I did read your post before you edited it. Why did you remove it?
I was tired when I wrote it and it seemed overly aggressive in tone when I reread it. I was planning to make much the same points without some of the polemical jabs, but I got distracted went and made dinner instead.
I didn't actually mention it in the removed post, but it's worth saying that I don't locate the source of the SWP/PBPA's recent behaviour in some kind of sectarian original sin. It flows from the PBPA gamble. I actually think that the SWP were sincere enough about the ULA in its early days. Even when they set up "Enough!", which trespassed rather too much on the ULA's supposed role, they were still putting resources into the ULA.

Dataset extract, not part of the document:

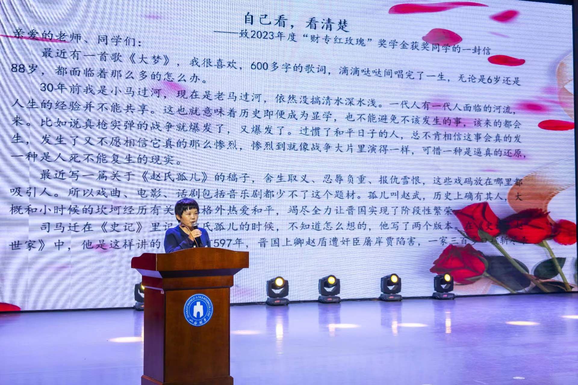 与会领导和千山万水公益基金会发起人、太原市税务局副局长师旭峰及校友代表为获奖同学们颁发2023年财专“红玫瑰”奖学金。马江歌校友宣读《致2023年度财专“红玫瑰”奖学金获奖同学的一封信》,传递着校友们浓浓的爱,殷殷的情,并祝红玫瑰、红蜡烛、红火炬精神代代传承。

It's the effective relaunch of PBPA and the massive shift of resources into it which indicated the change in direction. And that rather amusing leaked circular slagging off everyone else gave an accidental insight into the reasons - the SWP leadership was getting extremely frustrated at the inevitable overheads of working with others on an equal basis, particularly the tiresome task of actually winning support for their views and proposals. The frustration also stemmed from the failure of the ULA to grow on the ground. Without the fetters allegedly imposed by the "conservatism" of Collins or the WUAG and the irritating encumbrance of the Socialist Party, the SWP would use PBPA to demonstrate the superiority of their dynamic leadership and show the huge gains that a more, ahem, vibrant left could make. This is of course in the context of a perspective which has held for more than ten (twelve? fifteen?) years that big advances for the left are there to be made.*
Everything else flows from doubling down on that over and over. It has led internally to a greater and greater emphasis on PBPA work (and inevitably PBPA politics). And from an external point of view it led to what seems like destructive behaviour because building the PBPA came first. Lots of people on the left have an extremely jaundiced view of the SWP and see it as almost unchanging. I actually think the most interesting thing about PBPA is exactly how much it has changed the SWP.
As I said in the removed post, there are two different strands to the SWP/PBPA's "belligerence" when it comes to standing candidates in other group's target seats. 1) moves which are about replacing Collins with Brid Smith. This ultimately included the European election stunt, where hindering the Socialist Party was just a bonus. 2) gratuitously standing no hopers against incumbents or serious contenders. The first is a core interest that they have invested a great deal in. The second, I think, is mostly an artefact of a hope/expectation that the local elections would leave them in a dominant electoral position on the left, with PBPA established as the only or at least the main game in town. As that hasn't worked out, I don't think the SWP/PBPA gains much from antagonising everyone else.
As such, there may well be scope for agreements of the sort which centre around the SWP/PBPA knocking it off with the no hoper vandalism. I don't see how there can be any substantive "unity" involving both Collins and the SWP however. The Socialist Party, it should be noted, has nothing invested in standing candidates in other people's targets and I believe the last time it did anything even slightly comparable was more than 20 years ago.
You may, of course, have a different perspective on all of this, which I would of course be interested to hear.
*eventually this perspective will be right on the stopped clock principle.